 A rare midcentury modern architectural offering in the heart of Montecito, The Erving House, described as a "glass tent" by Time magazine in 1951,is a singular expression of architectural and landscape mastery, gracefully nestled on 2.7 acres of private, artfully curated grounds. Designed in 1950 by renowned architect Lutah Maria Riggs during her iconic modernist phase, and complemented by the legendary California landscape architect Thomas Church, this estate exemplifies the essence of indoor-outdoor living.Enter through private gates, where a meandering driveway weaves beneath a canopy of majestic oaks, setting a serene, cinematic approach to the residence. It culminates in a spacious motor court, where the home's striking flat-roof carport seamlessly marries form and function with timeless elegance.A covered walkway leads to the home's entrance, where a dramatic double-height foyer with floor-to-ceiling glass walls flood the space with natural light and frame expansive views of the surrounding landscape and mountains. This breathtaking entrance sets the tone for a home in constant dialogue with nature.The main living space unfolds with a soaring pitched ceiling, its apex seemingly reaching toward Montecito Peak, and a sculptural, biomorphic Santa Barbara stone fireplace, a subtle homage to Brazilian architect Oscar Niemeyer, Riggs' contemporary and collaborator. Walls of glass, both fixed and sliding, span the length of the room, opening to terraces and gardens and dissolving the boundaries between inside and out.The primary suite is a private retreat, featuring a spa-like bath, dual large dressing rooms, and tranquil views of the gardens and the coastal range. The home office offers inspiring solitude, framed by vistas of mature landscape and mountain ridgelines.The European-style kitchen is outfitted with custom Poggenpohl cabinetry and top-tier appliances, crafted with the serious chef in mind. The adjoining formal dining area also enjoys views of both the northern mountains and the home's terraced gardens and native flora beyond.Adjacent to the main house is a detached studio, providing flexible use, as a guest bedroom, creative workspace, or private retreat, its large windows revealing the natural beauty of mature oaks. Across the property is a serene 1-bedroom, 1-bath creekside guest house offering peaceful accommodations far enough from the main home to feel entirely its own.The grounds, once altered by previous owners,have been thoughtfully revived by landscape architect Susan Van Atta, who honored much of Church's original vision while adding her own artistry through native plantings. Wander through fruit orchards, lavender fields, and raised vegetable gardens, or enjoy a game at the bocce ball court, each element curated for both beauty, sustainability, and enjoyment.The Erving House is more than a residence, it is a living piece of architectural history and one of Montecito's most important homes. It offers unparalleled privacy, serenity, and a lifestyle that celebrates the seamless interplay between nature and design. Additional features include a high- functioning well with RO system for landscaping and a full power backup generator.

- - -

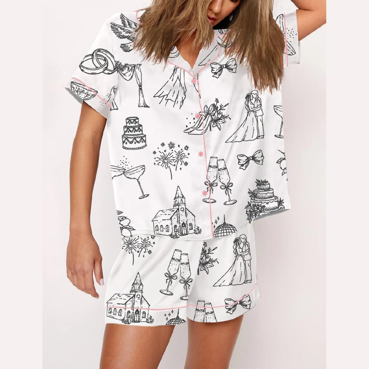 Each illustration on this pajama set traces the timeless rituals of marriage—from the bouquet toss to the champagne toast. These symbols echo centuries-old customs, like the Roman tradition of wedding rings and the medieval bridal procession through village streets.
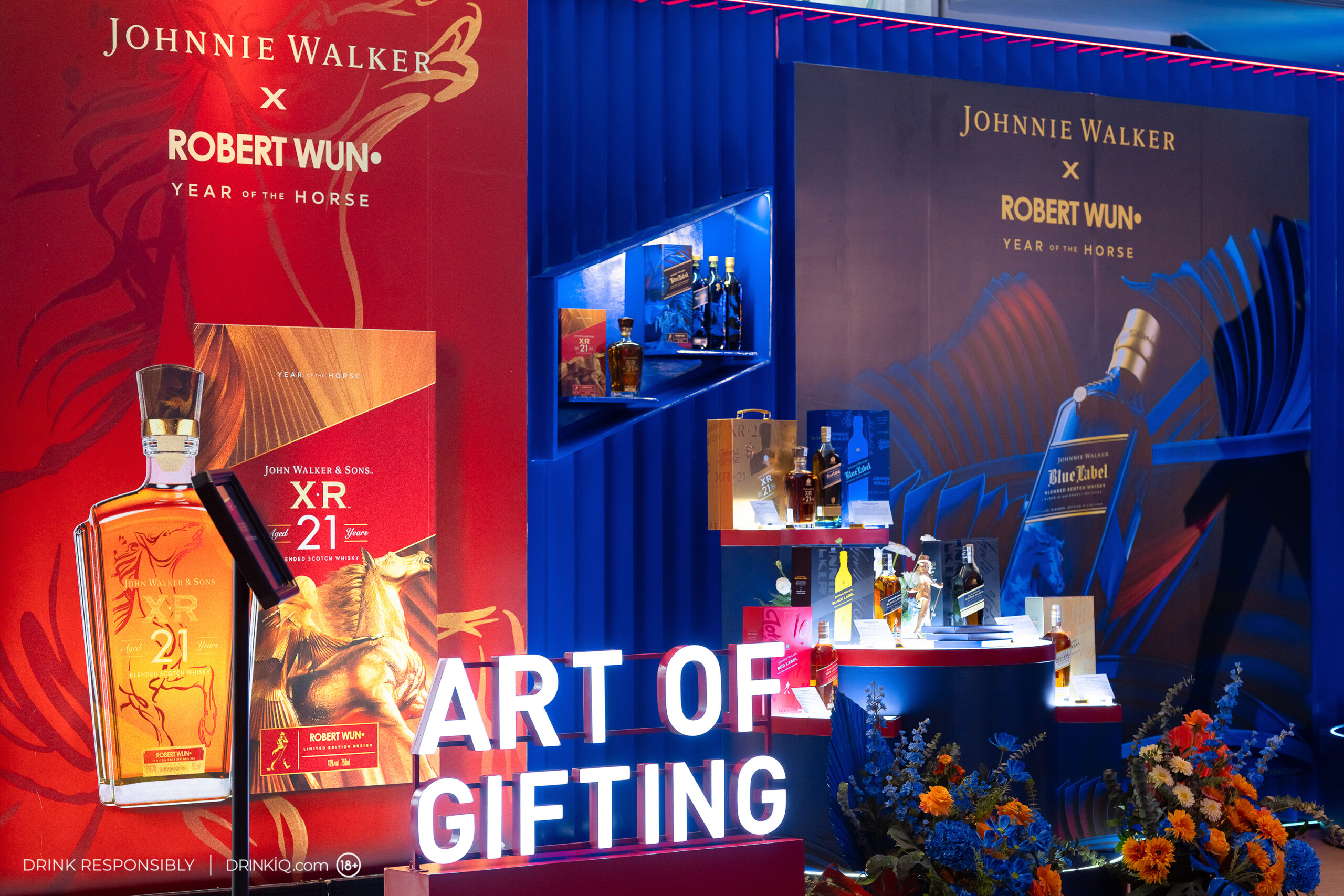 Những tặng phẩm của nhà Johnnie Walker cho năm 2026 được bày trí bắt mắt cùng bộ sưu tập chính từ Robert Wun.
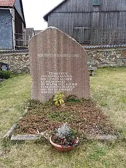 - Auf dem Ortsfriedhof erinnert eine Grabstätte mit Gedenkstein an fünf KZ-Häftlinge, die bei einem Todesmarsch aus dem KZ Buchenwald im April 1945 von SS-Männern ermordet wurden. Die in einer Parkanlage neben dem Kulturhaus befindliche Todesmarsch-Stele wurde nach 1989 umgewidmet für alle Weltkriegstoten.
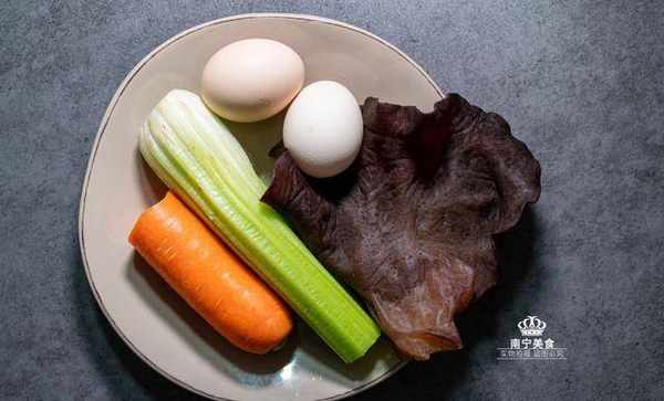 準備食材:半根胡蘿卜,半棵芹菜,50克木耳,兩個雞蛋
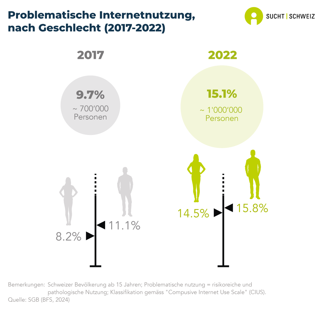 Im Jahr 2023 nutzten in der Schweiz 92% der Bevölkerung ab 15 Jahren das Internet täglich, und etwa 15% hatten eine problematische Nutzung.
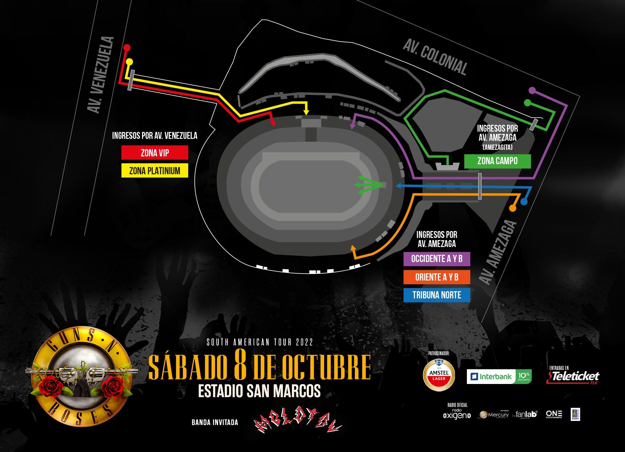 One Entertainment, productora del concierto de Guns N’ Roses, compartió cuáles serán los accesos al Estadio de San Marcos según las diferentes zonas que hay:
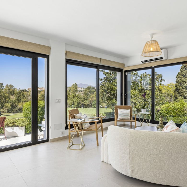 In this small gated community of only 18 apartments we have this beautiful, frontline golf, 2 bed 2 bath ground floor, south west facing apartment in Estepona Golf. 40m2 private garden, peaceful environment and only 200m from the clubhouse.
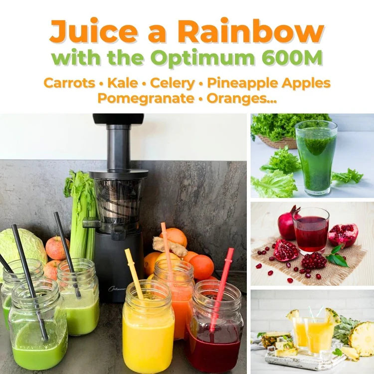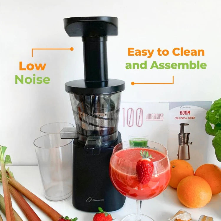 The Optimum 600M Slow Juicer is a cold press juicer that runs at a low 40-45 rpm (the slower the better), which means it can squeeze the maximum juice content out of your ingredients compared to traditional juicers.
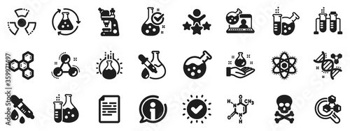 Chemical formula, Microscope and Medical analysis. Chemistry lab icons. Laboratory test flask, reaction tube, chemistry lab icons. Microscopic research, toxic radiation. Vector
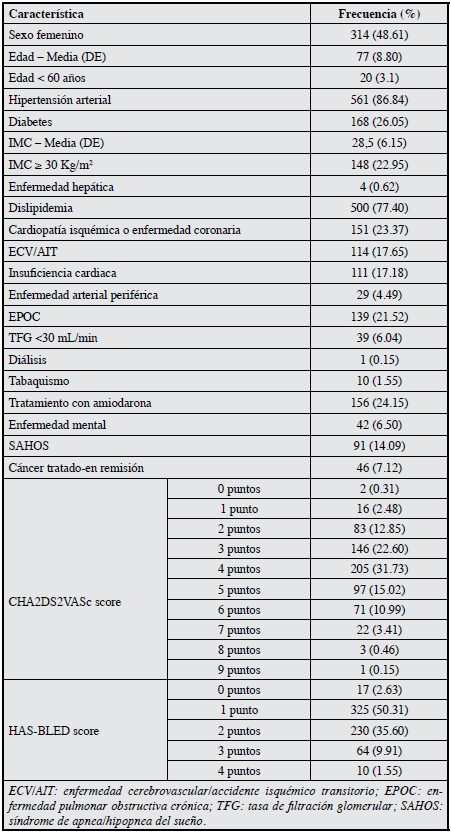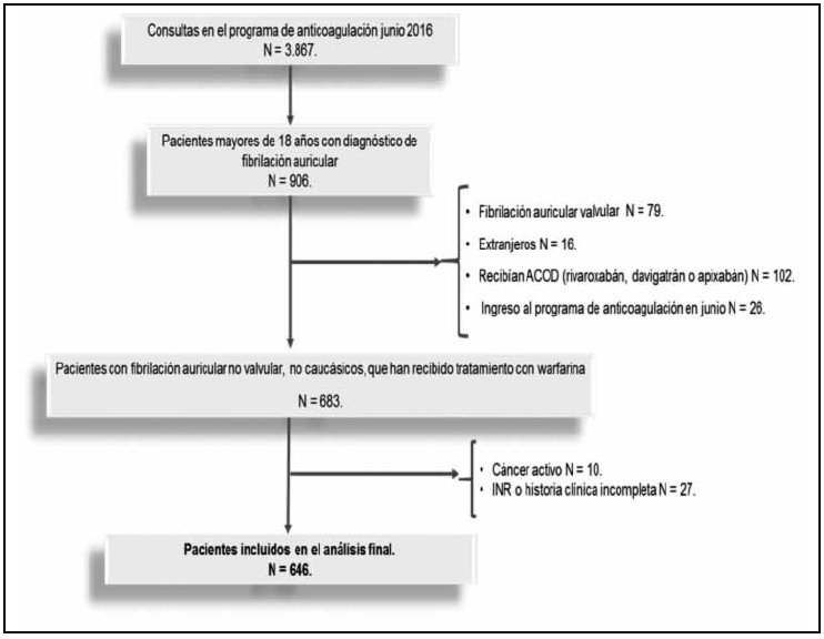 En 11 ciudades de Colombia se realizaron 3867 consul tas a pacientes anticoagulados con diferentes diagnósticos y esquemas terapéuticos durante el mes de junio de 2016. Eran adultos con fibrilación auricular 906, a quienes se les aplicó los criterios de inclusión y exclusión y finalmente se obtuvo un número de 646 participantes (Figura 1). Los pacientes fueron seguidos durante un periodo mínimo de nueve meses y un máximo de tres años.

- - -

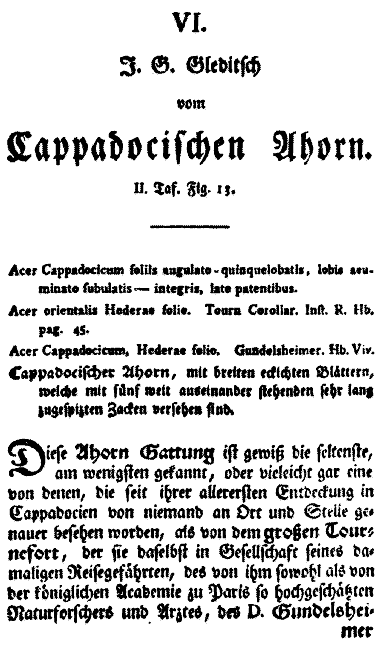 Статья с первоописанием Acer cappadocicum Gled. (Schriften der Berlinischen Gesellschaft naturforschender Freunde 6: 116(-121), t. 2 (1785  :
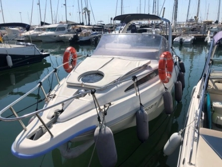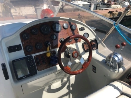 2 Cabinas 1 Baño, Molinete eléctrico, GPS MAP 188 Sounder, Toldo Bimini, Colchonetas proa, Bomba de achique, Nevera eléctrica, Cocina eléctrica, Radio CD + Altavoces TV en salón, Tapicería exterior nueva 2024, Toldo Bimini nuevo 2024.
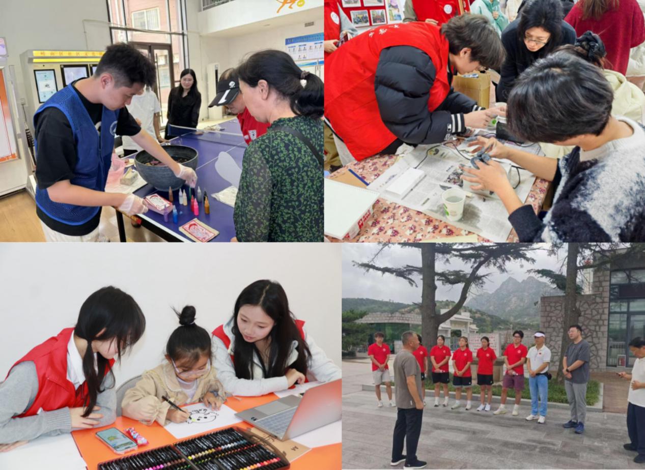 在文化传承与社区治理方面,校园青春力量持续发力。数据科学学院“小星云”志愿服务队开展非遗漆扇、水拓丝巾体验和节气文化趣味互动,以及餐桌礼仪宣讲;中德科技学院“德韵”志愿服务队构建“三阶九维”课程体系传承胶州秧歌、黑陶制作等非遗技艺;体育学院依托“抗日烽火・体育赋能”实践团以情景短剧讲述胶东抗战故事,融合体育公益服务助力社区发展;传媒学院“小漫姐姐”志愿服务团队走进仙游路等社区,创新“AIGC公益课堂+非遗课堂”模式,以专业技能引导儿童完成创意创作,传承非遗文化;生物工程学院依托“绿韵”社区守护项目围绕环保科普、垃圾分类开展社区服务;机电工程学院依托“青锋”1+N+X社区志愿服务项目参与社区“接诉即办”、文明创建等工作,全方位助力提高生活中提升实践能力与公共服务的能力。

- - -

### HOW TO COMPLETE THIS TASK:
Copy out exactly the material that runs from the line with "- Auf dem Ortsfriedhof" to the line with "Chemical formula, Microscope", ends included, and leave the pictures behind.

### REPLY TO THE TASK:
 - Auf dem Ortsfriedhof erinnert eine Grabstätte mit Gedenkstein an fünf KZ-Häftlinge, die bei einem Todesmarsch aus dem KZ Buchenwald im April 1945 von SS-Männern ermordet wurden. Die in einer Parkanlage neben dem Kulturhaus befindliche Todesmarsch-Stele wurde nach 1989 umgewidmet für alle Weltkriegstoten.
 準備食材:半根胡蘿卜,半棵芹菜,50克木耳,兩個雞蛋
 Im Jahr 2023 nutzten in der Schweiz 92% der Bevölkerung ab 15 Jahren das Internet täglich, und etwa 15% hatten eine problematische Nutzung.
 One Entertainment, productora del concierto de Guns N’ Roses, compartió cuáles serán los accesos al Estadio de San Marcos según las diferentes zonas que hay:
 In this small gated community of only 18 apartments we have this beautiful, frontline golf, 2 bed 2 bath ground floor, south west facing apartment in Estepona Golf. 40m2 private garden, peaceful environment and only 200m from the clubhouse.
 The Optimum 600M Slow Juicer is a cold press juicer that runs at a low 40-45 rpm (the slower the better), which means it can squeeze the maximum juice content out of your ingredients compared to traditional juicers.
 Chemical formula, Microscope and Medical analysis. Chemistry lab icons. Laboratory test flask, reaction tube, chemistry lab icons. Microscopic research, toxic radiation. Vector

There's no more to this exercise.